The Hills
(A composite blog 11 Nov to 13 Nov)
Wednesday had ended in a collapse. During the day I had worked on half a dozen “projects” – tasks which involved others, but which I had elected to do. I would progress one, then skip to another; then an idea occurred taking me back to the first … and so on for hours seated in front of the computer in an unheated room (carbon saving is another project); finishing up numb in body and mind. It was then time for my Taiji/chigung class, requiring a cycle ride in the dark and rain to catch the train to Romsey then a further walk …
So there I was standing in the middle of the hall surrounded by waterproofs, reflective vest, helmet, water bottle, taiji fan, book for the train, rucksack .. saying “there’s no point in going; my teacher isn’t up to scratch; I’m no good at it; I get nothing out of it …” etc for over 5 minutes. Until, from somewhere, it was suddenly “Just grab the bike and GO!” That voice was the start of recovery.
It’s not just a matter of organisation. I’ve been doing that, with lists that get longer and longer, spawning sub-lists and sub-sub-list, then switching to minimal lists, with time slots, then roving time slots, alternating physical and mental, with automated timers, with spontaneous decisions … But now there came a new thought. My projects had been charging round my brain like frightened rabbits, and after the taiji they kept me awake half the night. Then I realised the nonsensical nature of my being controlled by my projects; for “me” and “my projects” are not separate combative entities: that they are things at all is an illusion thrown up by my own imballance.
Thursday 12th Nov
I did what always helps for me: I walked, allowing the land, the plants and the animals to speak to me; from Nursling to Romsey; recalling as I went -
“I will lift up mine eyes unto the hills from whence cometh my help. My help cometh even from the Lord, who hath made heaven and earth.” (Psalm 121, vv 1,2) and
“In his hand are all the corners of the earth, and the strength of the hills is his also.” (Psalm 95, v. 4)
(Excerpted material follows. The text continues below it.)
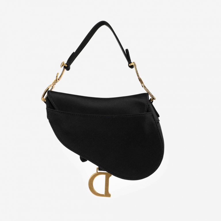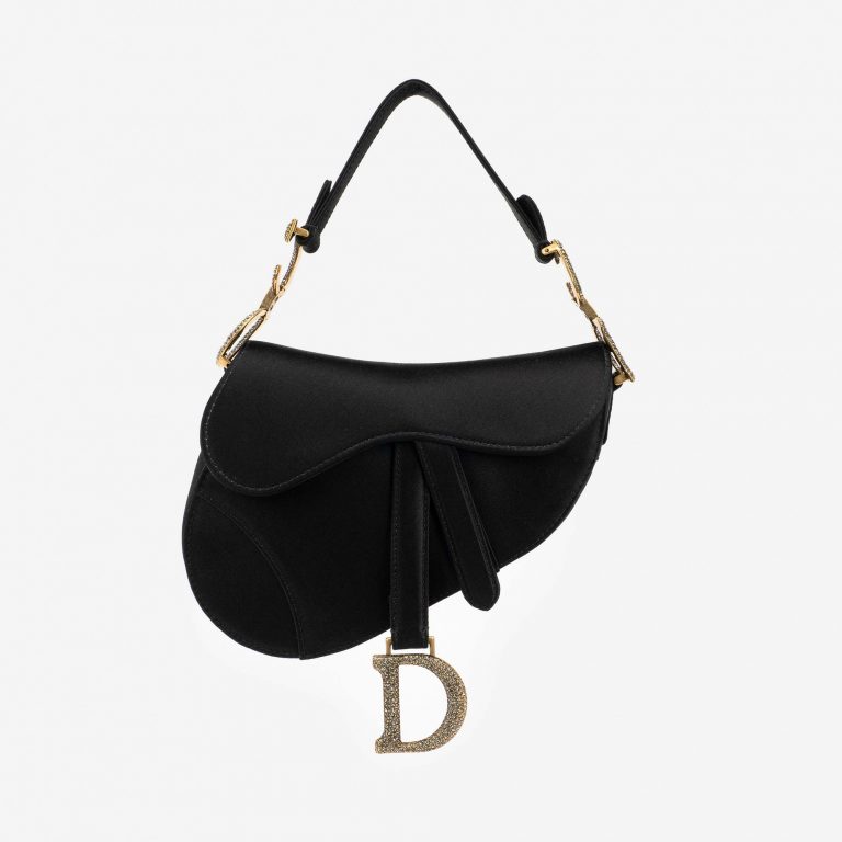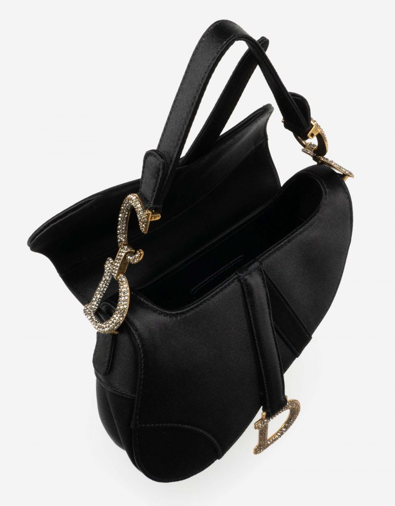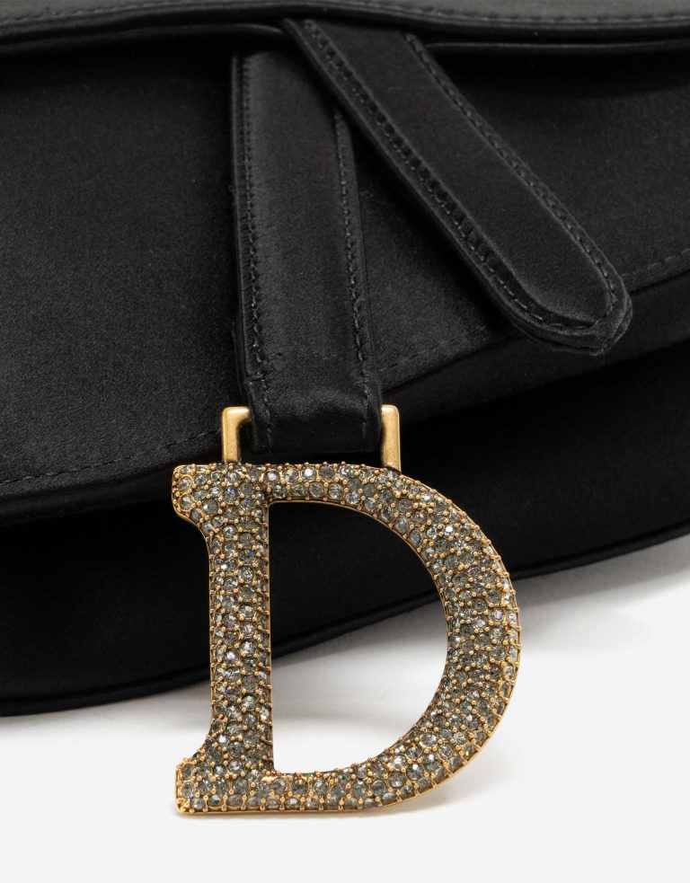 - Made from lustrous black satin. this mini CD Saddle Bag is best suited for evening affairs. It features the oversized gold-coloured ‘CD’ elements and magnetic clasp. adorned with sparkling smoky crystals. Carry it over your shoulder or in your hand and pair it with festive attire for your next night out. The bag comes in unworn condition.

Half way through this walk, which is over a very flat flood-plain, I saw “the hills” to my right, beyond the river, reminding me of many other hills in the past through which help had come. This time, no great saying of revelation arrived. This time what I sought, I now realised, was not words; it needed to be a matter of being, not of thinking. Something had now lodged in my body that could make a difference.
In the afternoon I slept for over an hour. Outlandish!
Friday13th Nov.
This new spark is going to need tending, practice. The rabbits are scuttling back. I waste time chasing them, get late for a planned trip to London, and miss the train. So, I can enjoy a slow and really quite good cafe latte, doing nothing, in the station cafe. Ahh!
At the library that I was visiting in London, all the books I needed were in various special collections and so needed fetching, except that no books were fetched on Fridays.
This is a blessing: I have an opportunity to walk along the Thames (always exciting), obliged to stay well in my body so as not to be strained by the fairly heavy pack on my back, and then to spend this extra time provided by the library’s excentric regulations in sitting in The Tate Modern gallery, with its leather sofas and stunning view of St Paul’s cathedral, enjoying writing this blog. That “something” which had lodged in my body got stronger.